Answer True. Any recursive algorithm can be converted to iteration using an explicit stack. The call stack in recursion is effectively an implicit stack; making it explicit converts recursion to iteration.

Q10. True or False: A recursive function that makes two recursive calls (like Fibonacci) always has exponential time complexity.

Answer False. Two recursive calls do not automatically mean exponential time. Merge sort makes two recursive calls but has O(n log n) complexity because the work at each level is O(n) and the depth is O(log n). The exponential complexity of naive Fibonacci comes from overlapping subproblems — the same values being recomputed many times — not merely from having two calls.

Q11. True or False: If a recursive function has a correct base case, it cannot cause a stack overflow.

Answer False. A correct base case prevents infinite recursion, but very deep recursion (e.g., processing a linked list of 100,000 nodes) can still overflow the stack even though it will eventually terminate. The issue is stack size, not correctness.

Q12. True or False: In Pascal, each recursive call gets its own copy of the function's local variables.

Answer True. Each recursive call creates a new stack frame with its own copies of local variables and value parameters. This is why Factorial(3) and Factorial(2) each have their own independent N.

Section 3: Short Answer

Q13. Given the following recursive function, what is the output of PrintPattern(4)?

procedure PrintPattern(N: Integer);
var
  I: Integer;
begin
  if N > 0 then begin
    PrintPattern(N - 1);
    for I := 1 to N do
      Write('*');
    WriteLn;
  end;
end;
Answer
*
**
***
****
Because the recursive call comes before the print statement, the smallest value (1) prints first (during unwinding from the deepest call), building up to the largest value (4).

Q14. A student writes the following and claims it computes 2ⁿ. Is it correct? If not, what does it actually compute?

function Mystery(N: Integer): Integer;
begin
  if N = 0 then
    Mystery := 1
  else
    Mystery := Mystery(N - 1) + Mystery(N - 1);
end;
Answer It IS correct — it computes 2^N. When N=0, returns 1 (=2^0). For N>0, it returns 2^(N-1) + 2^(N-1) = 2 * 2^(N-1) = 2^N. However, it is extremely inefficient — O(2^N) time complexity because it recomputes the same value twice at every level. A simple Mystery := 2 * Mystery(N - 1) would be O(N), and a loop would be even better.

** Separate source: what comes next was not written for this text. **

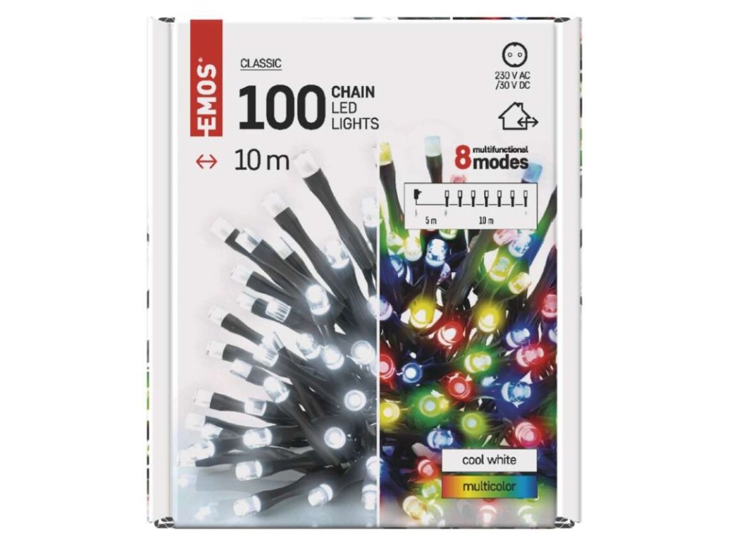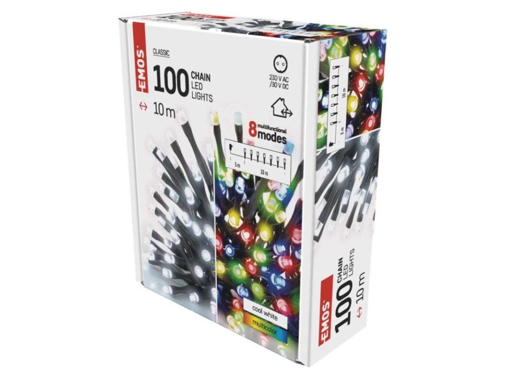 barva drátu: černá|barva světla: studená bílá/multicolor|časovač: ne|dálkový ovladač: ne|délka přívodu: 5 m|funkce: 8 módů (multifunkce)|krytí: IP44|LED mezera: 10 cm|materiál: PVC|možnost propojení: ne|počet LED: 100|použití: venkovní i vnitřní|příkon: 3,6 W|prodejní obal: 1 ks, krabice|produkt: řetěz|pro výšku stromu: 160 cm|rozměr: 10 m|tvar: klasický|typ napájení: síťový adaptér|velikost LED: 5 mm|vstupní napětí: 230 V AC|výstupní napětí: 31 V DC|záruční doba: 2 roky|životnost: 10 000 hodin

Q15. Name two advantages of recursive tree traversal over iterative tree traversal, and two advantages of iterative tree traversal over recursive.

Answer Recursive advantages: (1) Much shorter and more readable code that mirrors the tree's recursive structure. (2) Easier to write correctly — iterative post-order traversal in particular is tricky. Iterative advantages: (1) No risk of stack overflow for very deep trees. (2) Slightly faster due to no function call overhead.